Conspiracy Theories

I’m not much for conspiracy theories.

In my long-ago days in City Hall,   we often encountered folks–sometimes they were neighborhood activists, sometimes representatives of organizations aggrieved about some action–who were absolutely convinced that city officials had cleverly and surreptiously implemented a plan to screw them. What they didn’t understand was that we lacked the cunning and imagination needed to carry out the nefarious plots they attributed to us. As a former co-worker used to say,  incompetence explained so much more than conspiracy.

But just because most accusations of intentional conspiracies tend to come from paranoid folks doesn’t mean that  bad behavior is never intentional.  (As the old saying goes, even paranoids have enemies.)

Which brings me to an unsettling theory advanced by Robert Reich in a recent blog post.

Robert Reich, as most readers know,  was Secretary of Labor in the Clinton Administration. He now teaches at Berkeley. His politics tend to be considerably to the left of mine; that said, however, his is a credible and very respectable voice, and he is not given to conspiracy theories.

Reich writes about persistently high unemployment, and the unwillingness of Congressional Republicans to do anything about it. These are facts. Unemployment remains high, and the House GOP remains stubbornly opposed to even the most reasonable measures to address that problem. The question is, why? Reich dismisses the notion that Republican obstinacy is entirely due to hatred of President Obama (aka the black guy in the White House).

First, high unemployment keeps wages down. Workers who are worried about losing their jobs settle for whatever they can get — which is why hourly earnings keep dropping. The median wage is now 4 percent lower than it was at the start of the recovery. Low wages help boost corporate profits, thereby keeping the regressives’ corporate sponsors happy.
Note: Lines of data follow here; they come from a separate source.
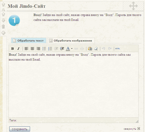 Для подключения к сервису и получения своего доменного имени (домен третьего уровня на jimdo.com) достаточно зарегистрироваться и уже через несколько минут иметь возможность работать над сайтом. В дальнейшем вход на сайт будет уже с вашей страницы.
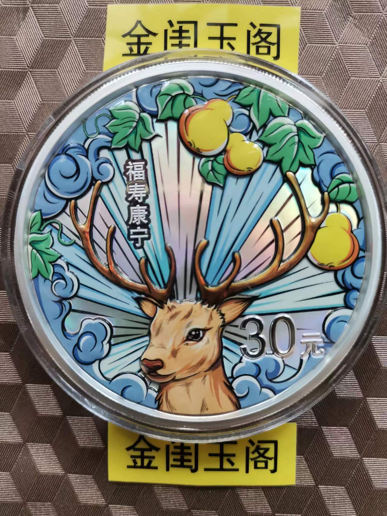 确认一枚,福寿康宁,礼盒证书6488,礼盒证书完好,币面完好
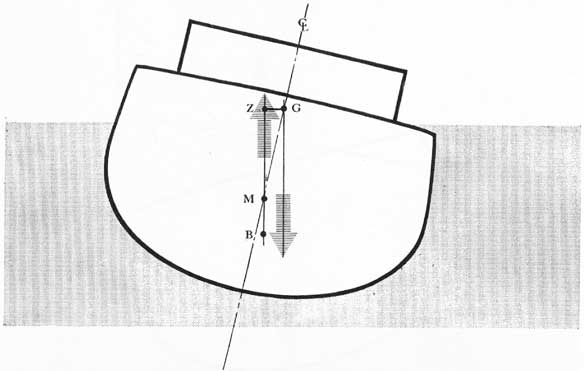 This property makes it easy to analyze stability. The most important metric is how high above the CG the MC is, known as metacentric height (GM). Righting arm can be approximated as GM*sin(roll angle), so that stability is directly proportional to GM. If the CG and MC were in the same place, GM is zero and there’s no restoring force if the ship rolls. If the metacentric height is negative, then the ship will loll, falling to one side until the CB moves enough to give a positive righting arm. This is very dangerous, and can quickly lead to the ship capsizing. Obviously, modifications which place weight high in the ship reduce GM by moving the CG upward.
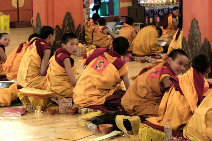 Un peu plus loin nous trouvons le monastĂšre de Shechen, site important par les lamas qui y ont enseignĂ©. Les moines sont peu nombreux, car beaucoup sont partis en « pique-nique » (ce qui signifie plutĂŽt Camping) dans la nature. Nous assistons Ă un enseignement suivi par de jeunes apprentis, pas tous pleinement concentrĂ©s đ
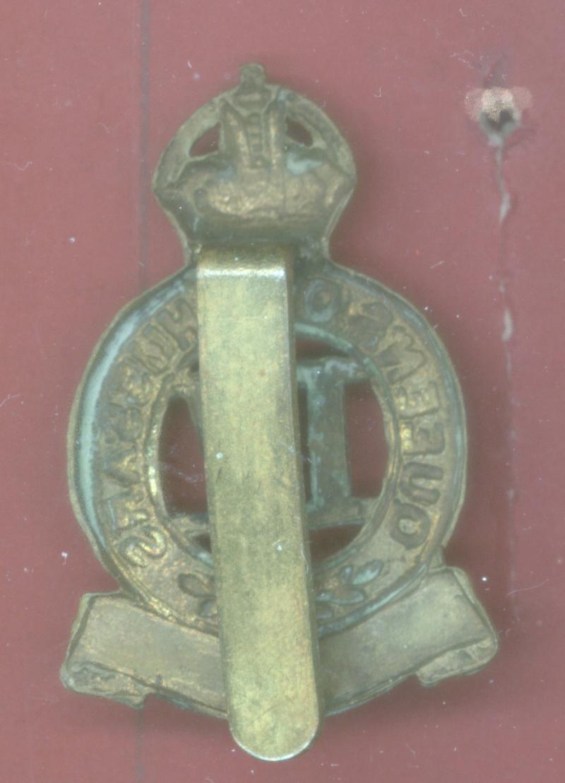 A good scarce die stamped bi-metal large pattern cap badge worn post 1906. Slider to the reverse. GC.
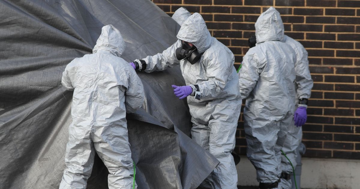 Полицейские в костюмах химзащиты на месте отравления в Солсбери. Фото: PA Images/ТАСС
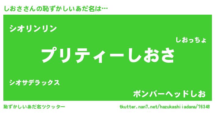 | 意味不明あだ名 | 『ペロリンしおさ』『もやし科しおさ属』 |
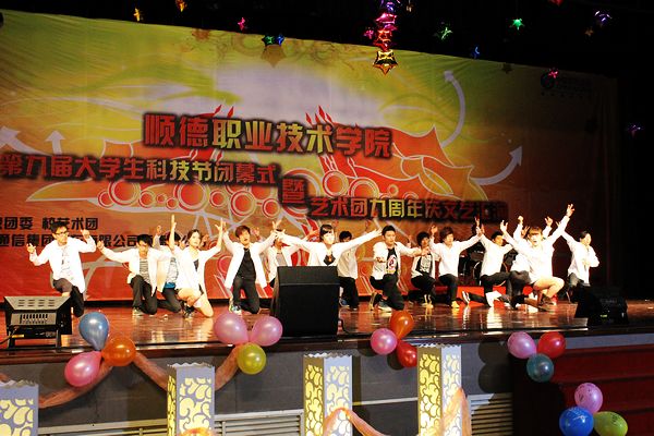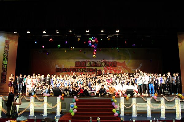 活动在精彩的醒狮表演中拉开帷幕,最后两头狮子合力将写着本次科技节主题的横幅展现在观众面前,引得满堂喝彩,紧接着播放了本届科技节的精彩视频回顾。晚会还对上一学年校艺术团工作中表现突出的个人和队伍,以及本届科技节中表现优异的先进个人和集体进行了表彰。酒店及旅游管理系、机电工程系、电子与信息工程系、设计学院和应用化工技术系获得了本届科技节优秀组织奖。

Second, high unemployment fuels the bull market on Wall Street. That’s because the Fed is committed to buying long-term bonds as long as unemployment remains high. This keeps bond yields low and pushes investors into equities — which helps boosts executive pay and Wall Street commissions, thereby keeping regressives’ financial sponsors happy.

Third, high unemployment keeps most Americans economically fearful and financially insecure. This sets them up to believe regressive lies — that their biggest worry should be that “big government” will tax away the little they have and give it to “undeserving” minorities; that they should support low taxes on corporations and wealthy “job creators;” and that new immigrants threaten their jobs.

I suppose this theory doesn’t really amount to a conspiracy, but it does suggest that the GOPs blocking maneuvers are prompted by actual reasons, no matter how much their behavior resembles a two-year-old’s tantrum.

If Reich is correct–and I’m still dubious–members of the House GOP are both smarter and much more despicable than I had previously imagined.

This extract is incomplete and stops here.